▶ **What to work on**: Taking the line with "This bingo card" as the first and the line with "雪化粧してる天狗山の様子が、" as the last, set down the lines below exactly, pictures excluded.

▶ **Entries shown**:

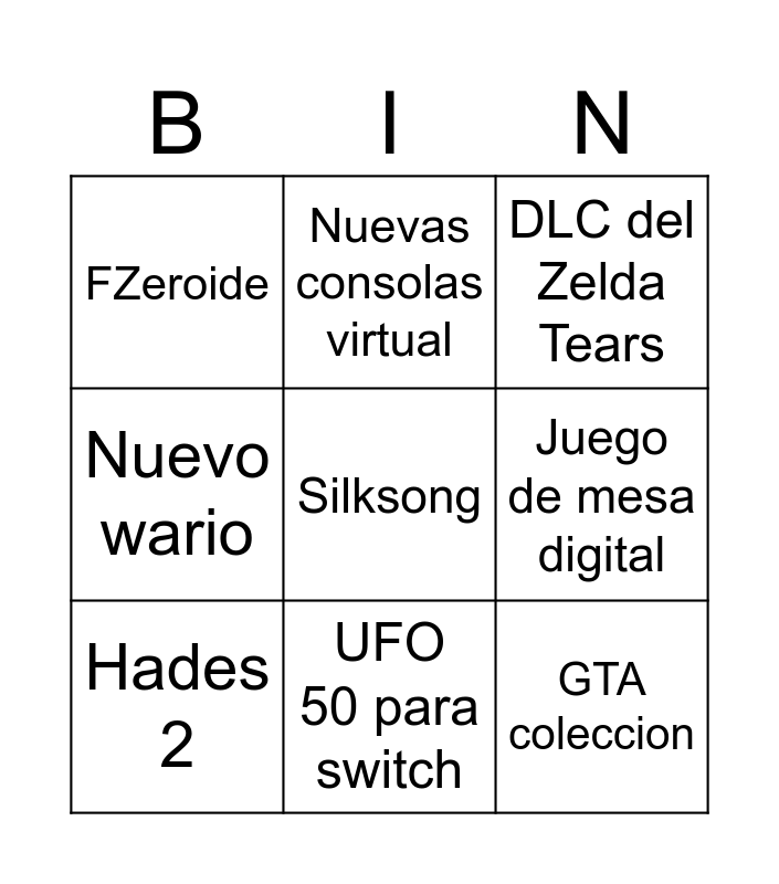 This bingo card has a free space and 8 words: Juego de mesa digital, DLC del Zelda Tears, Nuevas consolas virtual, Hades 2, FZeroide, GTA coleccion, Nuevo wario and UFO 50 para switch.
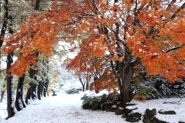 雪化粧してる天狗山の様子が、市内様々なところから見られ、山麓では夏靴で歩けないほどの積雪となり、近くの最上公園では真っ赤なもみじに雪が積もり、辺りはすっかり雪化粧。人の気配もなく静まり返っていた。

--

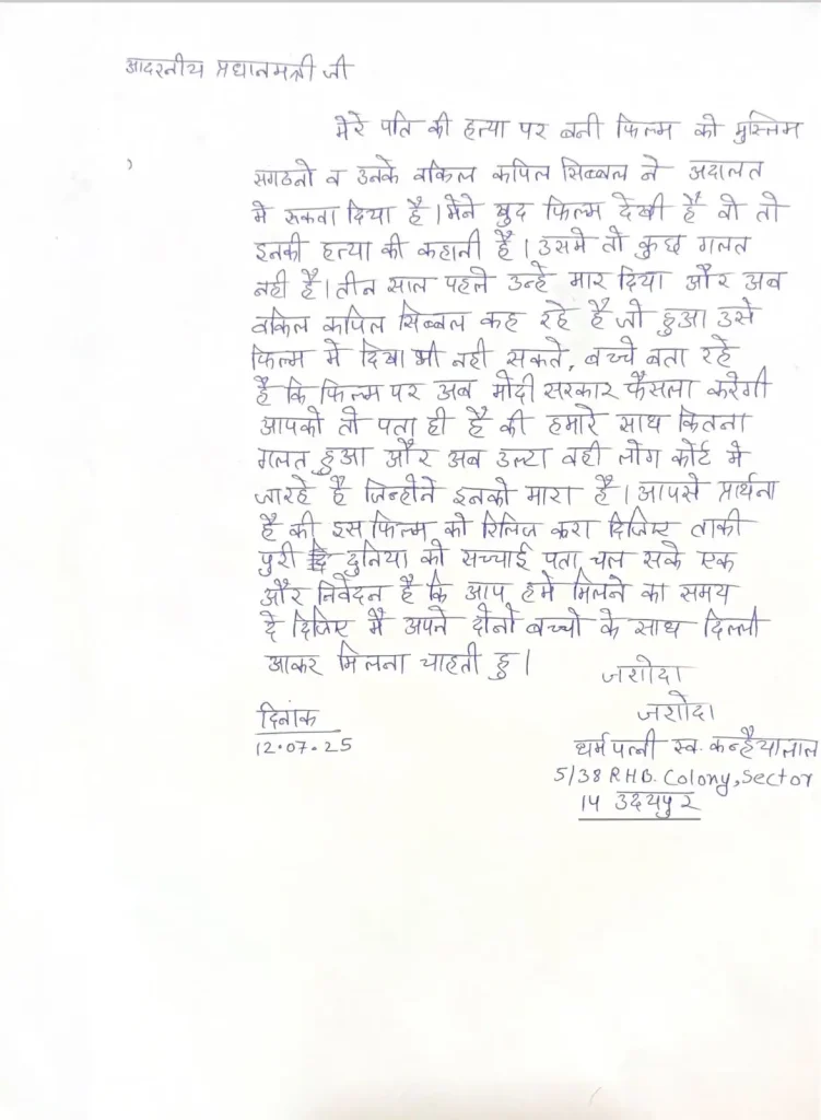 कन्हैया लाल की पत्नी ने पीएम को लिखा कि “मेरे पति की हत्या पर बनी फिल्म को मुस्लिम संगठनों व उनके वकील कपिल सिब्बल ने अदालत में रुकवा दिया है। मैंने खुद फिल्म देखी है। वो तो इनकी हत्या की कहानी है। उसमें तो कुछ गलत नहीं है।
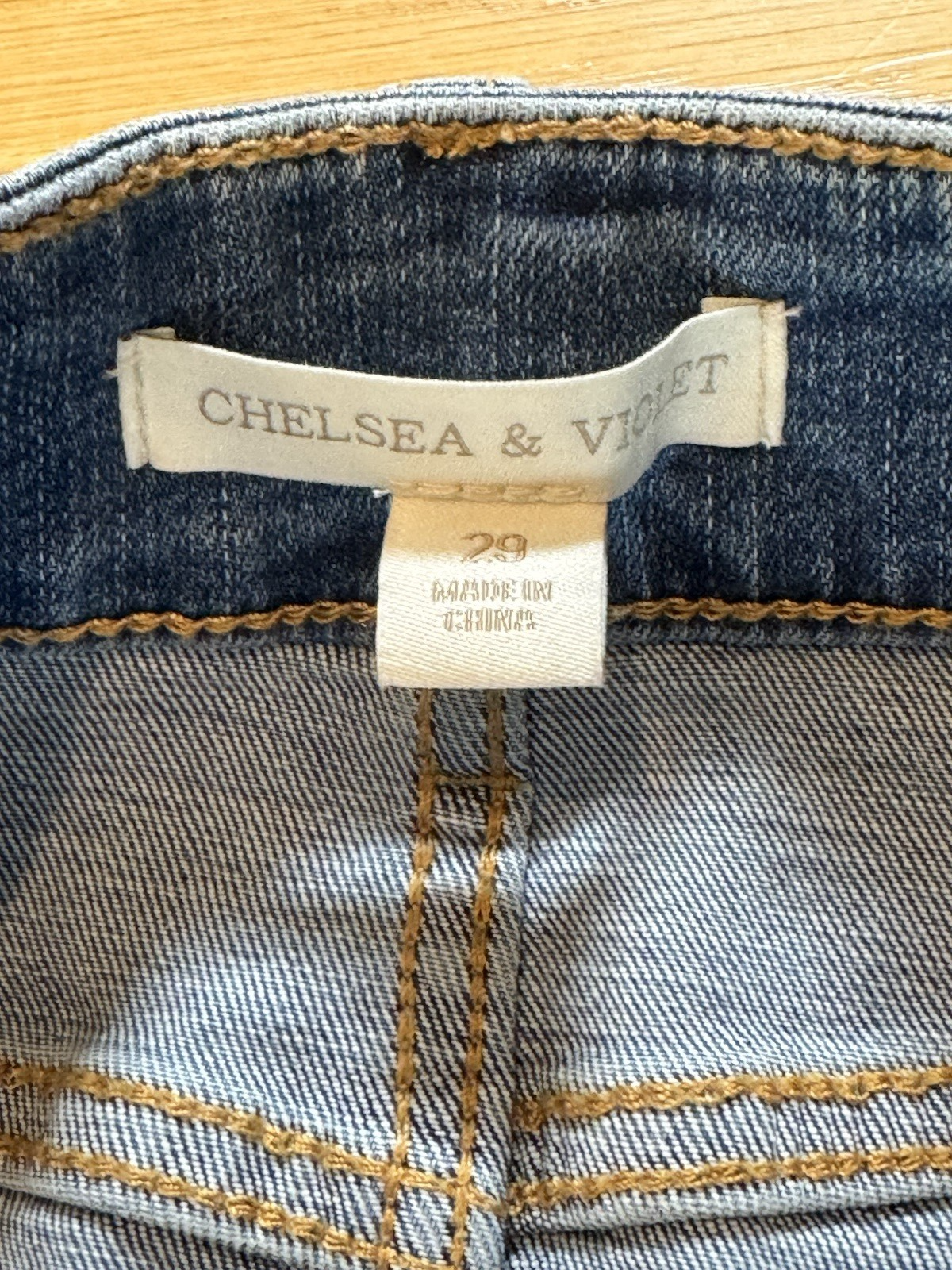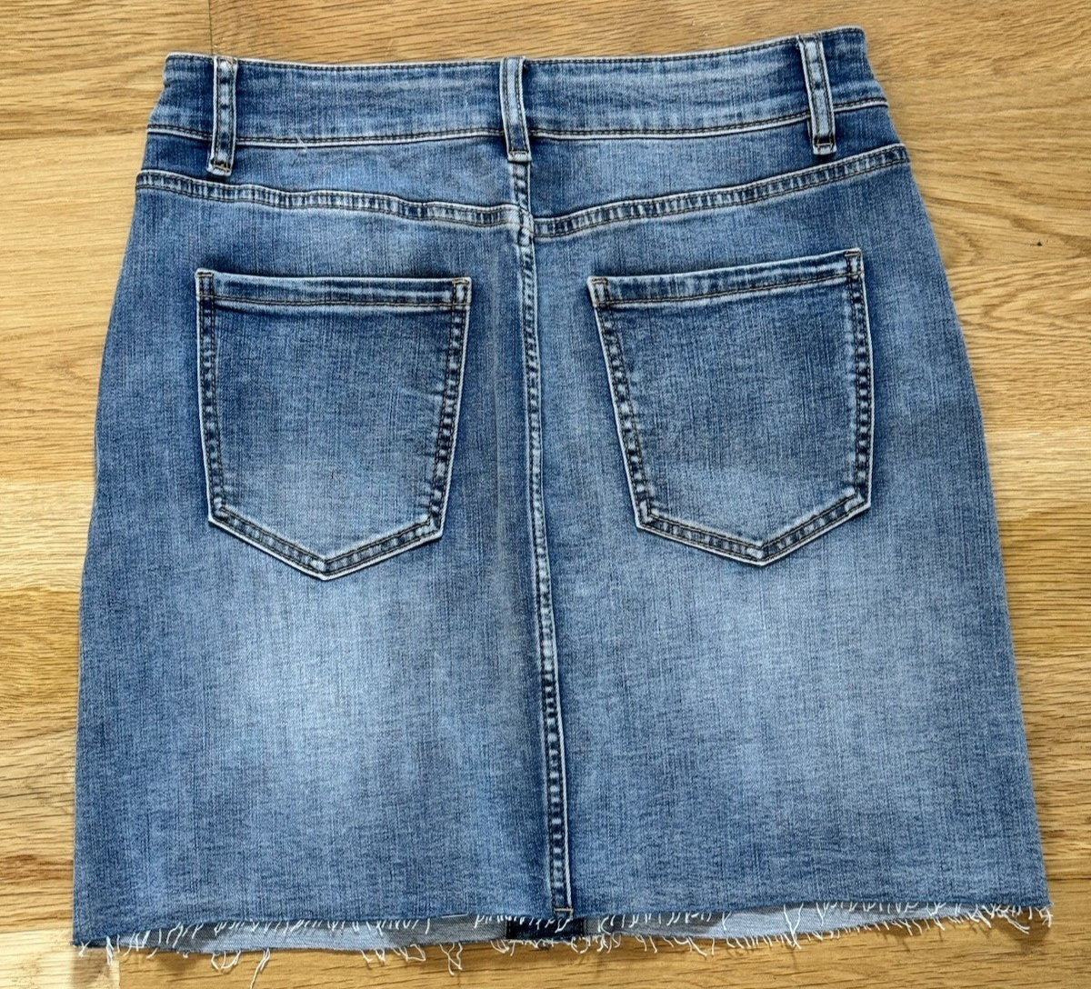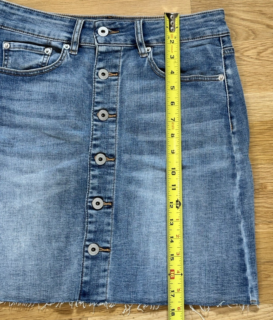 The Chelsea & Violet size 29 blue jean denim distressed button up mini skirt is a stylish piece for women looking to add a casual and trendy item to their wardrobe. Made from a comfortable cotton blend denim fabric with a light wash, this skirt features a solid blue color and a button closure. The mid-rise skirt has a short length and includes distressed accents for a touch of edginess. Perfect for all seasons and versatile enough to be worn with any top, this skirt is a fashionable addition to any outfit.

* * *

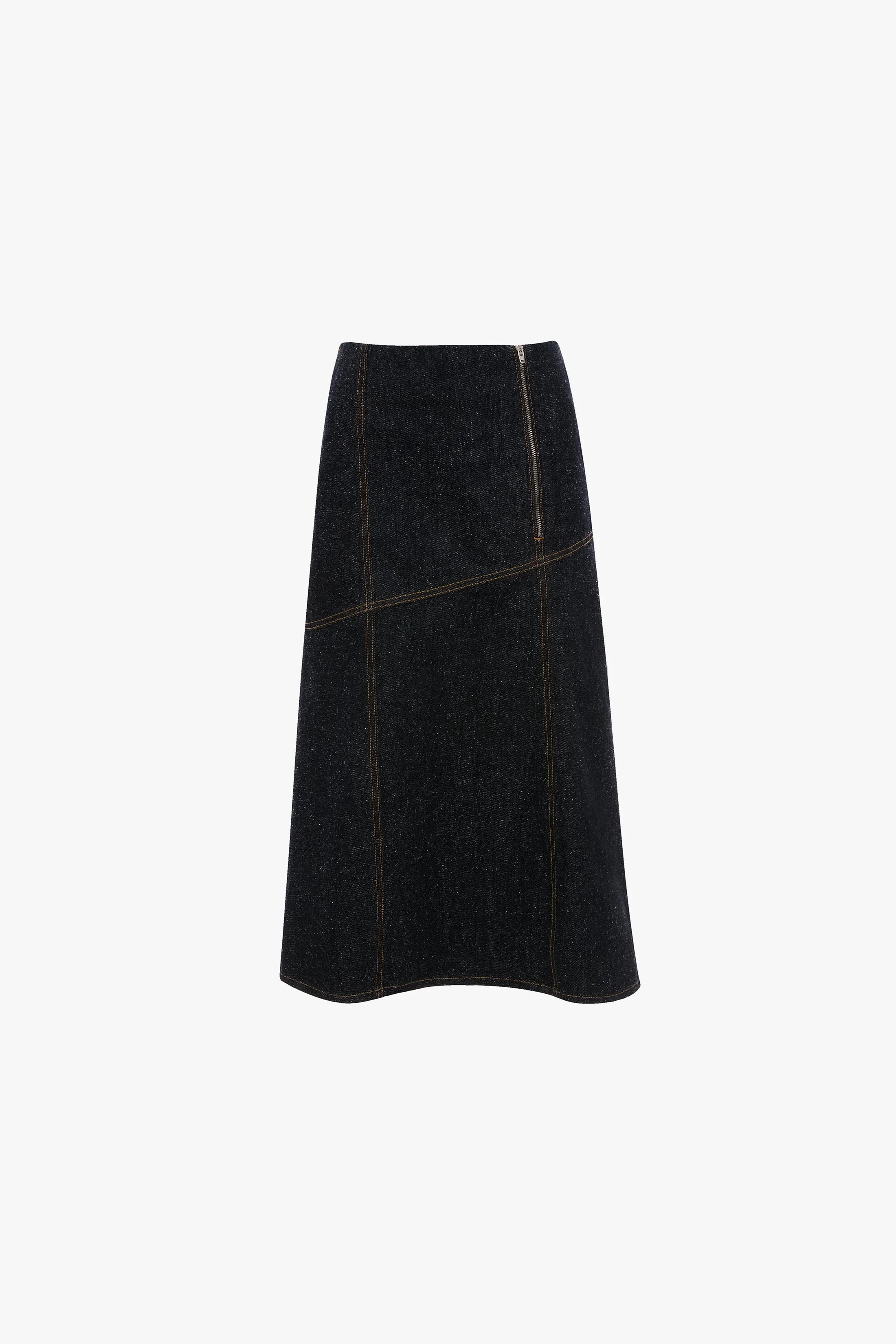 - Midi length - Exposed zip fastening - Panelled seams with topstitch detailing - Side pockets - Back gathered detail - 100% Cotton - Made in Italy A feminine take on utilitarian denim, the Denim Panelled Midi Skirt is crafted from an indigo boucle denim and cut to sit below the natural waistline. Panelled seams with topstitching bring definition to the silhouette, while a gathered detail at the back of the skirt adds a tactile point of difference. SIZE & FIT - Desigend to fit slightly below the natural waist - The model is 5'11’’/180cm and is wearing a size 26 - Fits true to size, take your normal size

▶ **Solution below**:
 This bingo card has a free space and 8 words: Juego de mesa digital, DLC del Zelda Tears, Nuevas consolas virtual, Hades 2, FZeroide, GTA coleccion, Nuevo wario and UFO 50 para switch.
 雪化粧してる天狗山の様子が、市内様々なところから見られ、山麓では夏靴で歩けないほどの積雪となり、近くの最上公園では真っ赤なもみじに雪が積もり、辺りはすっかり雪化粧。人の気配もなく静まり返っていた。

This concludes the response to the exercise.